____ EXERCISE DATA

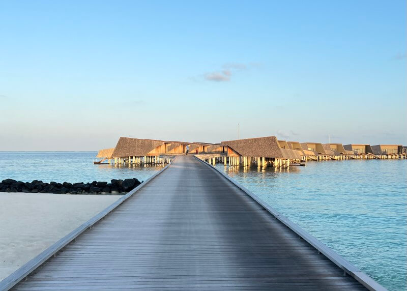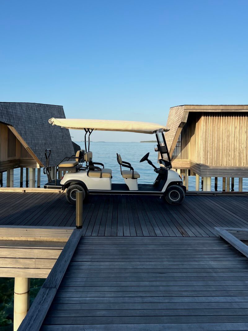 The ride itself is one of the best parts. The sea is still half asleep, the waves barely moving. The sky is soft blue, with a sliver of sunlight beginning to appear. There is very little sound, aside from nature and the quiet creak of wooden planks as the buggy moves along. If you’re paying attention, there are small things to notice. One morning, an enormous stingray lounging just below the villa, completely unbothered. Another day, a small family of devil rays moving along together, apparently on their morning exercise as well. Occasionally, a bird dips into the water, checking on breakfast. As you move along the island, it becomes clear that everyone else is committed to their holiday plans of sleeping in.
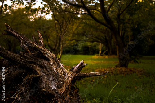 Obraz premium <長崎県五島市><五島鬼岳樹木園>朽ちた切り株
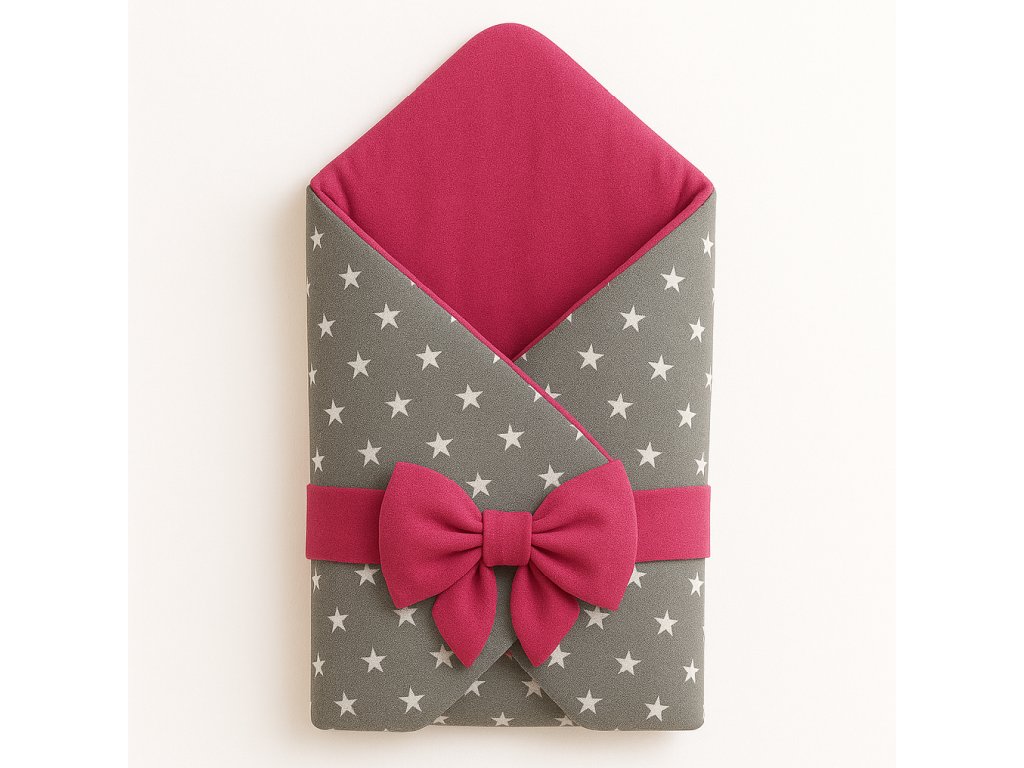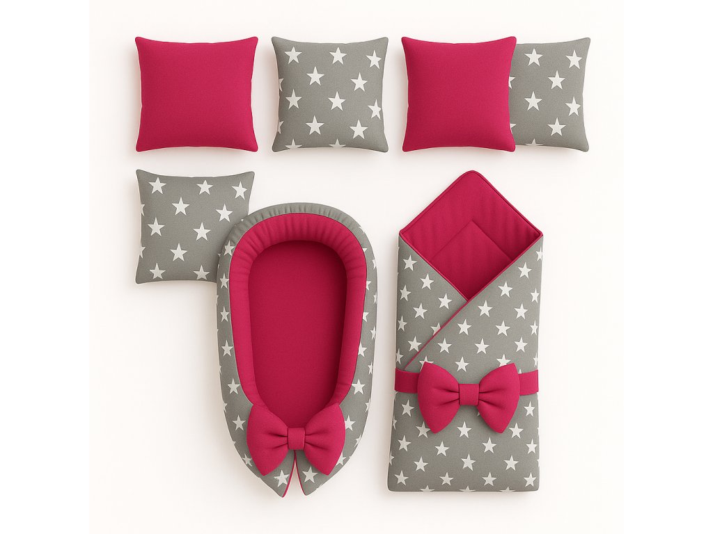 Výrazná fuchsiová barva s bílými hvězdičkami dodává výbavičce energii i něhu. Barevně laděná nebesa, 🎀 fuchsiové mašličky a ruční šití v ČR zajišťují nejen styl, ale i maximální pohodlí pro miminko.

________

# WHAT YOU HAVE TO DO
The range to transcribe runs from the line holding "Obraz premium <長崎県五島市><五島鬼岳樹木園>朽ちた切り株" through the final line of the data above; copy it exactly and exclude the pictures.

# RESULT OF THIS EXERCISE
 Obraz premium <長崎県五島市><五島鬼岳樹木園>朽ちた切り株
 Výrazná fuchsiová barva s bílými hvězdičkami dodává výbavičce energii i něhu. Barevně laděná nebesa, 🎀 fuchsiové mašličky a ruční šití v ČR zajišťují nejen styl, ale i maximální pohodlí pro miminko.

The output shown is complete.